* Task description *
The records are to be repeated exactly, and any images in them are to be dropped.

* Supplied records *
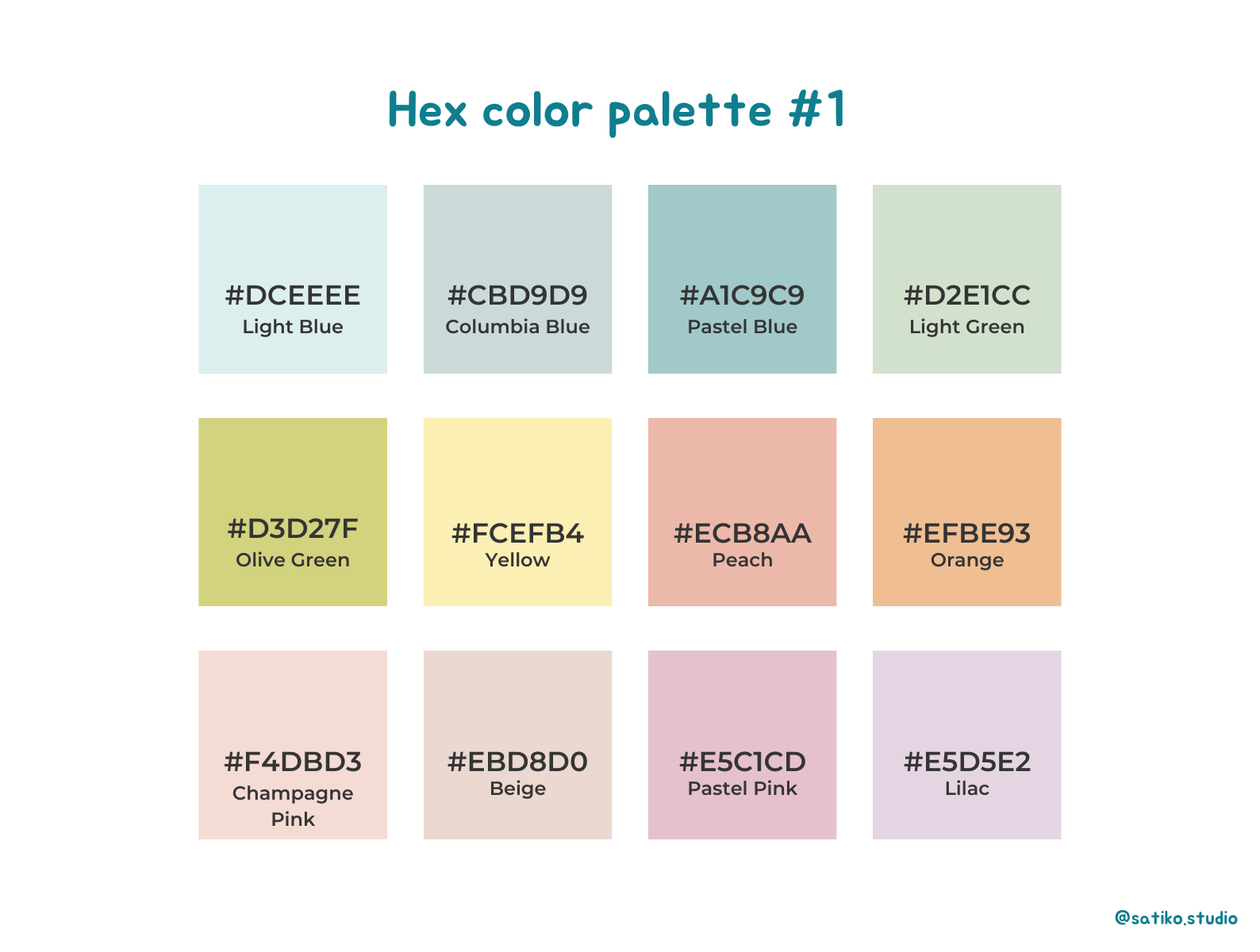 Hex color palette #1 #DCEEEE #CBD9D9 #A1C9C9 #D2E1CC Light Blue Columbia Blue Pastel Blue Light Green #D3D27F #FCEFB4 #ECB8AA #EFBE93 Olive Green Yellow Peach Orange #F4DBD3 #E5C1CD #E5D5E2 Champagne Beige Pastel Pink Lilac Pink @satiko.studio
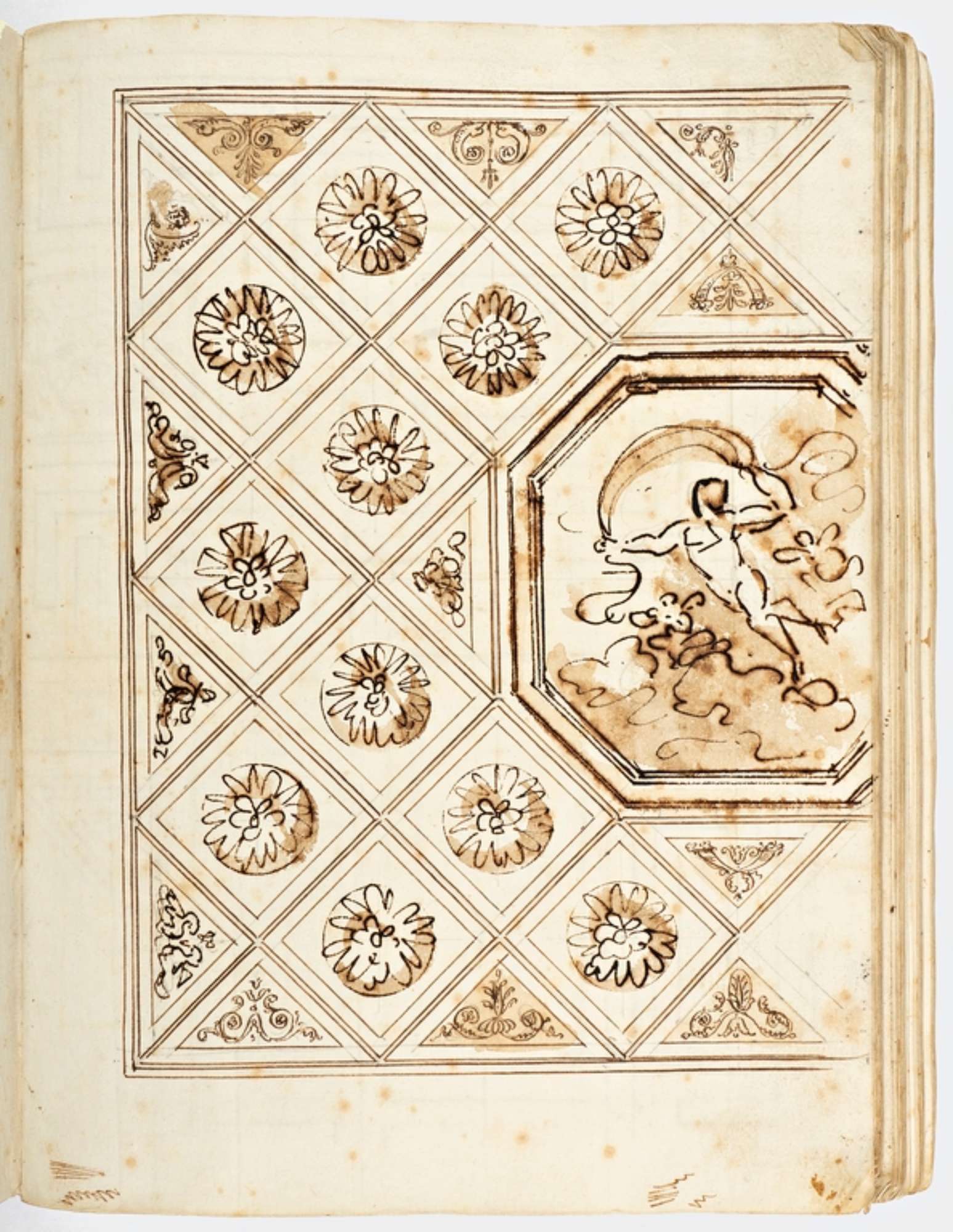 Studio di soffitto a riquadri con elementi figurativi e di ornato.
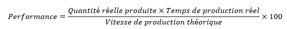 Définition : La performance évalue l'efficacité avec laquelle les équipements produisent par rapport à leur vitesse théorique ou capacité nominale. Elle mesure si la production s'effectue au rythme attendu, sans ralentissements ni interruptions non planifiées.
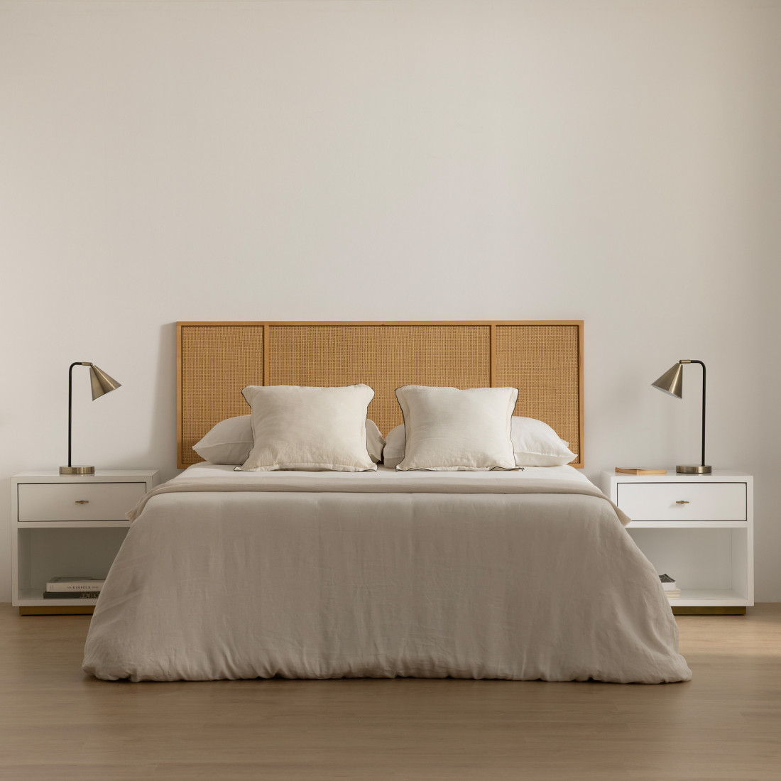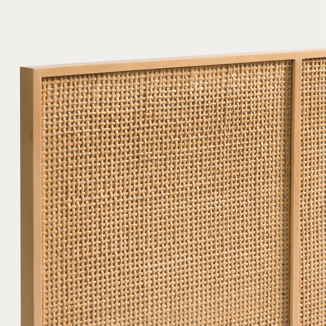 Coqueto cabecero que combina la chapa de madera de roble con el ratán. Una elección perfecta para diferentes ambientes y estilos.
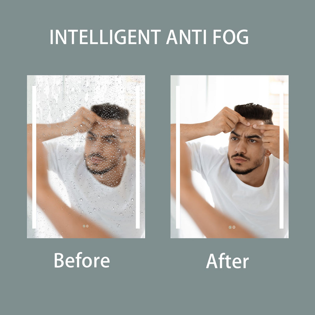 2. Defogging and IP44 waterproof. Our medicine cabinet newly developed technology enables mirror surface close to 40°C in a short period of time to achieve a faster and safer defogging effect. The defogging automatically turns off while the light is off. IP44 rated waterproof aluminum frame medicine cabinet provide better durability and safty in your bathroom.
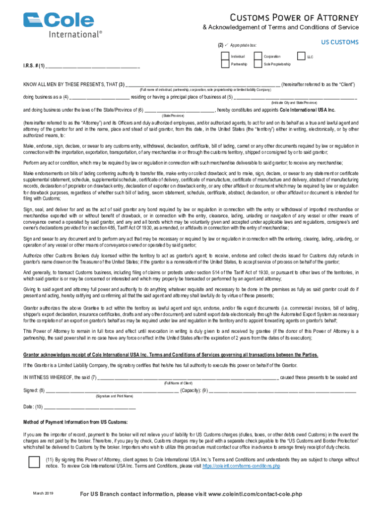 Customs Power of Attorney & Acknowledgement of Terms and Conditions of Service US CUSTOMS(2) P Appropriate box:I.R.S. # (1) IndividualCorporationPartnershipSole ProprietorshipLLCKNOW ALL MEN BY THESE
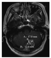 采用2015年发布的RANO-BM建议,依据2009年发布的RECIST1.1标准,评估中只测量脑实质内转移病灶,基线测量时靶病灶总数最多5个,可测量靶病灶需要实性强化最大单径≥10mm,不包括囊和腔[11],见图7。
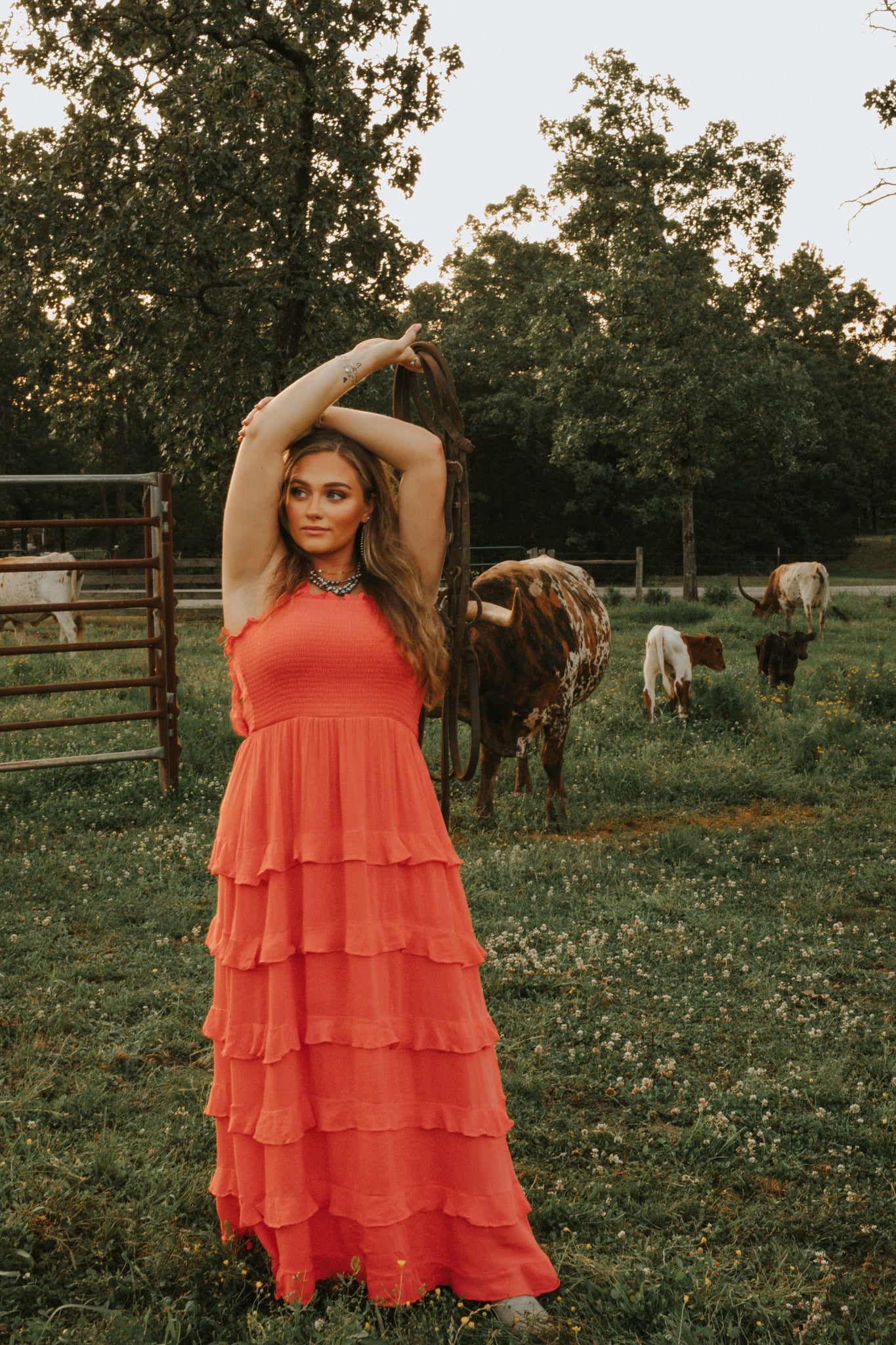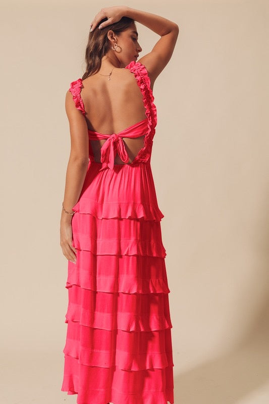 Get ready to turn heads in The Lahela Ruffle Dress! This smocked maxi dress features playful ruffle tiers, an open back, and a charming bow ribbon detail. Perfect for a summer day out or a special occasion.

* Worked solution *
 Hex color palette #1 #DCEEEE #CBD9D9 #A1C9C9 #D2E1CC Light Blue Columbia Blue Pastel Blue Light Green #D3D27F #FCEFB4 #ECB8AA #EFBE93 Olive Green Yellow Peach Orange #F4DBD3 #E5C1CD #E5D5E2 Champagne Beige Pastel Pink Lilac Pink @satiko.studio
 Studio di soffitto a riquadri con elementi figurativi e di ornato.
 Définition : La performance évalue l'efficacité avec laquelle les équipements produisent par rapport à leur vitesse théorique ou capacité nominale. Elle mesure si la production s'effectue au rythme attendu, sans ralentissements ni interruptions non planifiées.
 Coqueto cabecero que combina la chapa de madera de roble con el ratán. Una elección perfecta para diferentes ambientes y estilos.
 2. Defogging and IP44 waterproof. Our medicine cabinet newly developed technology enables mirror surface close to 40°C in a short period of time to achieve a faster and safer defogging effect. The defogging automatically turns off while the light is off. IP44 rated waterproof aluminum frame medicine cabinet provide better durability and safty in your bathroom.
 Customs Power of Attorney & Acknowledgement of Terms and Conditions of Service US CUSTOMS(2) P Appropriate box:I.R.S. # (1) IndividualCorporationPartnershipSole ProprietorshipLLCKNOW ALL MEN BY THESE
 采用2015年发布的RANO-BM建议,依据2009年发布的RECIST1.1标准,评估中只测量脑实质内转移病灶,基线测量时靶病灶总数最多5个,可测量靶病灶需要实性强化最大单径≥10mm,不包括囊和腔[11],见图7。
 Get ready to turn heads in The Lahela Ruffle Dress! This smocked maxi dress features playful ruffle tiers, an open back, and a charming bow ribbon detail. Perfect for a summer day out or a special occasion.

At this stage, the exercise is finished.